- Die drei !!!
- Genre: Mystery Adventure
- Created by: Sina Flammang Doris Laske
- Based on: Three Investigators by Robert Arthur Jr.
- Screenplay by: Sina Flammang Doris Laske
- Directed by: Barbara Kronenberg Kim Strobl
- Music by: Torsten Kamps Heiko Maile
- Country of origin: Germany
- Original language: German
- No. of seasons: 1
- No. of episodes: 10

Production
- Producer: Christian Becker
- Running time: 41 minutes

Original release
- Network: Disney+
- Release: 6 September 2023

= The Three Detectives (TV series) =

The Three Detectives (Die drei !!!) is a German mystery adventure television series that premiered on Disney+ on 6 September 2023. The series is adaption of Three Investigators about three young detectives, played by Purnima Grätz (Kim), Bella Bading (Franzi) and Lilith Jonah (Marie).

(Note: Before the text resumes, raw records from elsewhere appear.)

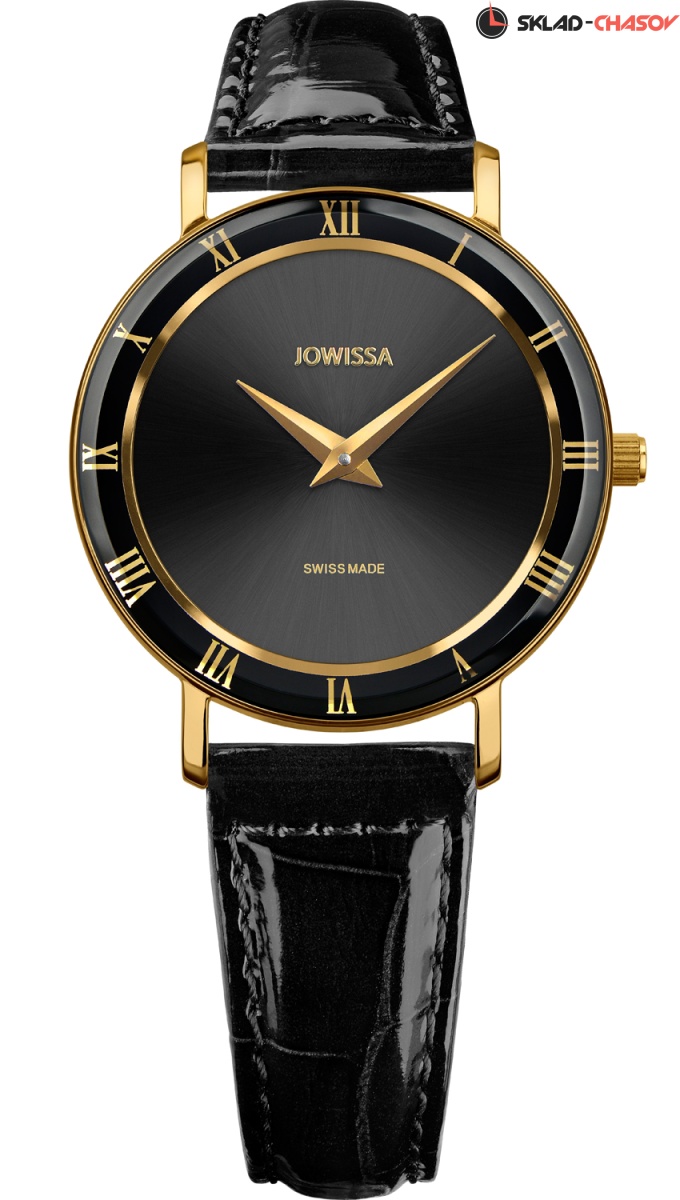 30 мм, кварц, 5 АТМ, черный циферблат, черный кожаный браслет - глянцевый, IP – желтое золото, закаленное минеральное стекло с полированной кромкой
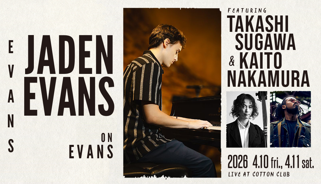 ジャズ・ピアノの神格、ビル・エヴァンスを祖父に持つ18歳。要注目の若手ピアニスト、ジェイデン・エヴァンスが遂に初来日公演を開催する。6歳からピアノの正式な訓練を始め、母親のミシェル・エヴァンスからクラシック楽譜の読み方、ジャズチャートの理解、即興演奏の基礎を学習。ジャズバンドには中学時代から参加し、ノースカロライナ州のイーロン大学ジャズ・フェスティバルでは優秀ソリスト賞を受賞した。祖父へのトリビュート・アルバム『Evans on Evans』ではヴィセンテ・アーチャー、マーカス・ギルモアを迎えて「Waltz For Debby」、「Time Remembered」、「Very Early」などをプレイ。今回の公演ではこれら不朽のエヴァンス・ナンバーの数々を、須川崇志、中村海斗とのトリオで演奏する。
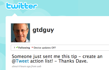 So if you are interested in what David has to say – or as Twitter says – “what David is doing” you should make it a point to go to Twitter and follow GTDGuy aka David Allen.

At the 2024 Grimme-Preis Awards, the three lead actresses Bading, Grätz and Johna were awarded the Grimme Special Prize for their ensemble performance in the series.

== Summary ==
The Three Detectives follows the adventures of three best friends: Kim, Marie, and Franzi. They form their own detective club and use their courage, charm, and confidence to solve various cases while navigating their everyday teenage lives. The mysteries they tackle range from theft and blackmail to cyberbullying and social justice issues. Despite their differences, the trio always supports each other and manages to crack every case.